Заметим, что здесь неприменим в качестве «универсального ключа» и метод квадрата. В принципе на основании этого метода можно было бы выделить «инфиксы» и корни в случаях наподобие англ. teeth, ибо реальна пропорция (квадрат) вида /t‑u:‑θ/ : /t‑i:‑θ/ = /g‑u:‑s/ : /g‑i:‑s/, позволяющая, казалось бы, выделить корни /g...s/, /t...θ/ и инфиксы /u:/, /i:/. Не случайно что такой анализ в англистике как будто бы не представлен. Вероятно, основная причина заключается в том, что в других словах наблюдаются другие модификации, ср. mousemice, louselice и т. п., они указывают, что речь должна идти не о наборе инфиксов, каждый из которых используется в одном-двух словах, а об однотипной операции над корнем — чередовании гласных в составе его экспонента. А такая операция и является внутренней флексией.

19.4.2. Редупликация имеет ряд разновидностей. Они определяются: (а) тем, какая единица удваивается; (б) позицией, которую занимает воспроизводимая единица в исходной словоформе; (в) позицией, которую занимает воспроизводимая единица относительно того или иного структурного компонента слова; (г) возможностью (необходимостью) аффиксации, используемой одновременно с удвоением; (д) модификациями, которые имеют место одновременно с удвоением.

Удваиваться могут: словоформы в целом, основы, корни, аффиксы, морфотмемы (обычно в составе корня).

Первый тип — наиболее простой, он дает так называемое полное удвоение. Иллюстрацией может служить бирманский язык, в котором глаголы качества и некоторые глаголы действия (состояния) могут приобретать особую форму редупликатива, использующуюся как определение или сирконстант, ср. мйан2 ‘быть быстрым’ → мйан2мйан2 пйэй3 ‘быстро бежать’.
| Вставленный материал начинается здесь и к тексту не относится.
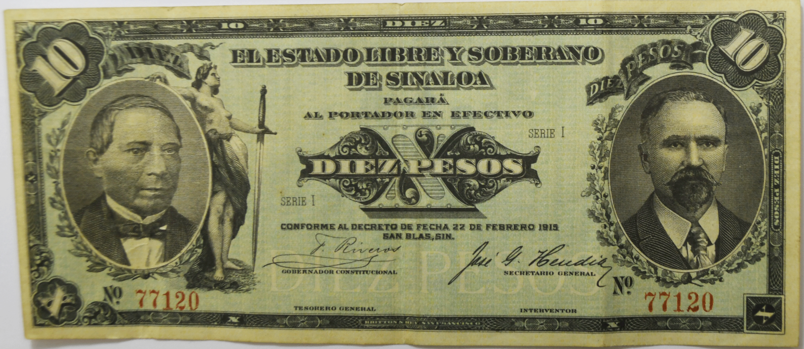 1915 Mexico Revolutionary Sinaloa 10 Ten Pesos Green Large Note 77120
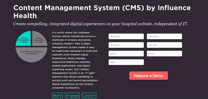 Influence Health is addressing a market made necessary by the growing trend of healthcare consumerization. They offer a better way for providers to market their services to customers (potential or current patients) by providing better targeting, segmentation, marketing content and campaigns.

Пример показывает одновременно, что, хотя преимущественная семантическая сфера, обслуживаемая редупликацией, — значения количества и меры, удвоение вполне может использоваться и с другими функциями, в частности, и для создания синтаксически ориентированных форм.

Все прочие виды редупликации дают неполное или осложненное удвоение95.

Отметим отдельно удвоение морфотмемы. Здесь можно выделить два подтипа. При первом сама морфотмема выделяется единственно по «показаниям» удвоения. Например, в мадурском языке воспроизводится последний слог корня, который (слог) поэтому и является морфотмемой; этот слог ставится перед корнем (точнее, перед исходной формой корня), в резуль-/196//197/тате выражается значение множественного числа у существительных, например, парао ‘лодка’ → о-парао ‘лодки’ (мн. ч.) [Оглоблин 1986: 34].

Для второго подтипа вычленение морфотмемы имеет независимые основания (по закономерностям аффиксации и т. п.). Такова ситуация в семитских языках, где корень знаменательных слов обычно состоит из (согласных) морфотмем, и один из согласных, чаще всего второй, может удваиваться, что служит планом выражения формо- и словообразовательных процессов, например, араб. касара ‘он сломал’ → кассара ‘он разбил вдребезги’ [Гранде 1974: 106].